Vitamin deficiency syndromes such as scurvy and beriberi are uncommon
in Western societies. However, suboptimal intake of some vitamins, above levels
causing classic vitamin deficiency, is a risk factor for chronic diseases
and common in the general population, especially the elderly. Suboptimal folic
acid levels, along with suboptimal levels of vitamins B6 and B12, are a risk factor for cardiovascular disease, neural tube defects,
and colon and breast cancer; low levels of vitamin D contribute to osteopenia
and fractures; and low levels of the antioxidant vitamins (vitamins A, E,
and C) may increase risk for several chronic diseases. Most people do not
consume an optimal amount of all vitamins by diet alone. Pending strong evidence
of effectiveness from randomized trials, it appears prudent for all adults
to take vitamin supplements. The evidence base for tailoring the contents
of multivitamins to specific characteristics of patients such as age, sex,
and physical activity and for testing vitamin levels to guide specific supplementation
practices is limited. Physicians should make specific efforts to learn about
their patients' use of vitamins to ensure that they are taking vitamins they
should, such as folate supplementation for women in the childbearing years,
and avoiding dangerous practices such as high doses of vitamin A during pregnancy
or massive doses of fat-soluble vitamins at any age.
In the absence of specific predisposing conditions, a usual North American
diet is sufficient to prevent overt vitamin deficiency diseases such as scurvy,
pellagra, and beriberi. However, insufficient vitamin intake is apparently
a cause of chronic diseases. Recent evidence has shown that suboptimal levels
of vitamins, even well above those causing deficiency syndromes, are risk
factors for chronic diseases such as cardiovascular disease, cancer, and osteoporosis.

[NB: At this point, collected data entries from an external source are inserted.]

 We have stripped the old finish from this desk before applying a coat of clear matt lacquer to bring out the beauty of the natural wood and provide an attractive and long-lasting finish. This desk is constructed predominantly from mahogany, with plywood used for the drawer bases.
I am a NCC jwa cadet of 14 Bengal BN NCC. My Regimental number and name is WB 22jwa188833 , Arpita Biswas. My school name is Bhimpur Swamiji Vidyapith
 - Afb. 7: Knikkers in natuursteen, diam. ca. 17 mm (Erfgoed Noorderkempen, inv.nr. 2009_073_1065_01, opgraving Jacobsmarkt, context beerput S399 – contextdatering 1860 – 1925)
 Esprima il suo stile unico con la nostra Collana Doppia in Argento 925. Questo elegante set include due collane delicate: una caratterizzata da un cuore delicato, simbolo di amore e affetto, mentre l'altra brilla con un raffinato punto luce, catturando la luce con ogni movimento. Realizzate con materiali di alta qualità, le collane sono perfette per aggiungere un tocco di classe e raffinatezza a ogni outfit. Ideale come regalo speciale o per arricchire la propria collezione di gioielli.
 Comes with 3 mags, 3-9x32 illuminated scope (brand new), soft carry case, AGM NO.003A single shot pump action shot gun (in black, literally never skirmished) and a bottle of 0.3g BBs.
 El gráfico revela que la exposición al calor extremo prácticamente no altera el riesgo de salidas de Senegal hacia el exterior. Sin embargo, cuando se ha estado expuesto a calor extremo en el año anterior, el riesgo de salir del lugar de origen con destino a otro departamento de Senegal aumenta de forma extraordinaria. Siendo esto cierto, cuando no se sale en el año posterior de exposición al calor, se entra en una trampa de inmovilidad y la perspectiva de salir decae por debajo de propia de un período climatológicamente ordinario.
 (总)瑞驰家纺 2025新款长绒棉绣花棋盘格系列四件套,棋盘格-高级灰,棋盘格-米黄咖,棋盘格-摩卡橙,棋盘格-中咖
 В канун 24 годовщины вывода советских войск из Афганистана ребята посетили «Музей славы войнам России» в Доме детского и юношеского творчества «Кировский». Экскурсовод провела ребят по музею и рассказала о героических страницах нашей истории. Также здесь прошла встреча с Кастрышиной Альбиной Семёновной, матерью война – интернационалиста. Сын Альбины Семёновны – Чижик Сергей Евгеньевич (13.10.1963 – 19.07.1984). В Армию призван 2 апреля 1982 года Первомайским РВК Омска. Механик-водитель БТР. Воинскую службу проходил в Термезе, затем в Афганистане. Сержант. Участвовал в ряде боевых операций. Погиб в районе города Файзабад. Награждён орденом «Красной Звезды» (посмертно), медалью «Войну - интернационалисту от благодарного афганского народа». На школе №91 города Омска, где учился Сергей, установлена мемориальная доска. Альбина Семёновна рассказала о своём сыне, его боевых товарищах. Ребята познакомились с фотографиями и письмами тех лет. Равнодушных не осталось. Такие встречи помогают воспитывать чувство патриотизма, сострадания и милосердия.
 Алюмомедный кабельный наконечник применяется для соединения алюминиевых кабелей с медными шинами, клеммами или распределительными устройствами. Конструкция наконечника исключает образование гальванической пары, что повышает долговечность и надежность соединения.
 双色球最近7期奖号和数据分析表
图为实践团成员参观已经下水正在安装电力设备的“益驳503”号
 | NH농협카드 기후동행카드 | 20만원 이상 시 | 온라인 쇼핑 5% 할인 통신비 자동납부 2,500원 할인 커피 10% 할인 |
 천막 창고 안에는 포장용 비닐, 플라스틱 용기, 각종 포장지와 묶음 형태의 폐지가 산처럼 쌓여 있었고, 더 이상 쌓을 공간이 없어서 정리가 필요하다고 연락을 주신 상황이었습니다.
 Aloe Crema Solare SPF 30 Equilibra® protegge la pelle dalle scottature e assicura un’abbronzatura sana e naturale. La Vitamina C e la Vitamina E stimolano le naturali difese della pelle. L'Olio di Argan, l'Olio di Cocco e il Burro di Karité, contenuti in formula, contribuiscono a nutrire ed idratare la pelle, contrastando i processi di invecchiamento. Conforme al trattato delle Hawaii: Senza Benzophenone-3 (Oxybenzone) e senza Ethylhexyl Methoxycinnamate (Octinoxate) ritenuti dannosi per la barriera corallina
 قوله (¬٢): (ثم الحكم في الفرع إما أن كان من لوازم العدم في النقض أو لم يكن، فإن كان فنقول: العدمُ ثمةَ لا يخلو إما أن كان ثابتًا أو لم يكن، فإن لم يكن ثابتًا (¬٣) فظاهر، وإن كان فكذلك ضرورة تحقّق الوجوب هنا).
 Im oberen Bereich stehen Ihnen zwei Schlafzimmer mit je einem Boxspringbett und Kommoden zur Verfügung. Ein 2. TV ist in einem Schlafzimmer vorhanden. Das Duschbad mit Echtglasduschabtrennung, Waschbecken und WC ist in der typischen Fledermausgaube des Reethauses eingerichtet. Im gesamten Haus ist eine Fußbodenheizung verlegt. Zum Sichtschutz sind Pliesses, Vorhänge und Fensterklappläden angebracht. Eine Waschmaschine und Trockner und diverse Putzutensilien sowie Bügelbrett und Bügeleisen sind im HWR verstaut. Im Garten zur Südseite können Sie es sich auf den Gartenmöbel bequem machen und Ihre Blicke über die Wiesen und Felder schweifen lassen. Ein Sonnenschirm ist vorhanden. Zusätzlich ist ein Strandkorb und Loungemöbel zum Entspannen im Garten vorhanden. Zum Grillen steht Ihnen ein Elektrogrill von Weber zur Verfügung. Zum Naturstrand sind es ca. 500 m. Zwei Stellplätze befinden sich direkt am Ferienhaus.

A large proportion of the general population is apparently at increased risk
for this reason.
Suboptimal Amounts of Vitamins
Suboptimal levels of a vitamin can be defined as those associated with
abnormalities of metabolism that can be corrected by supplementation with
that vitamin. For example, many people in the general population have serum
homocysteine levels from 1.62 to 2.03 mg/L (12-15 µmol/L),1
which fall to baseline levels of 1.08 to 1.35 mg/L (8-10 µmol/L) after
a few weeks of supplementation with folate, along with vitamins B12
and B6.2 Similarly, in many elderly
people, methylmalonic acid levels fall with vitamin B12 supplementation,2 and elevated levels of parathyroid hormone fall with
vitamin D supplementation.3 Measurements of
vitamin levels in blood, serum, or red blood cells, at least with current
reference points for abnormality, are not a reliable guide to this form of
deficiency; in one study,2 supplementation
substantially reduced serum homocysteine levels in elderly patients with normal
serum folate concentrations.
For some vitamins, the concept of suboptimal levels is also supported
by randomized trial evidence that supplementation reduces the rate of clinical
events. The research evidence is conclusive that folate during the first trimester
of pregnancy reduces the risk of neural tube defects in women at increased
risk.4 Similarly, vitamin D supplementation,
along with calcium, reduces the risk of fractures in elderly women with osteoporosis.5
The high prevalence of suboptimal vitamin levels implies that the usual
US diet provides an insufficient amount of these vitamins. Fruits and vegetables
are the main dietary source of many vitamins, and health experts have long
recommended at least 5 daily servings. A recent survey showed that only 20%
to 30% of the population actually meet this goal.6
Although vitamin D is added to milk, many people (especially the elderly)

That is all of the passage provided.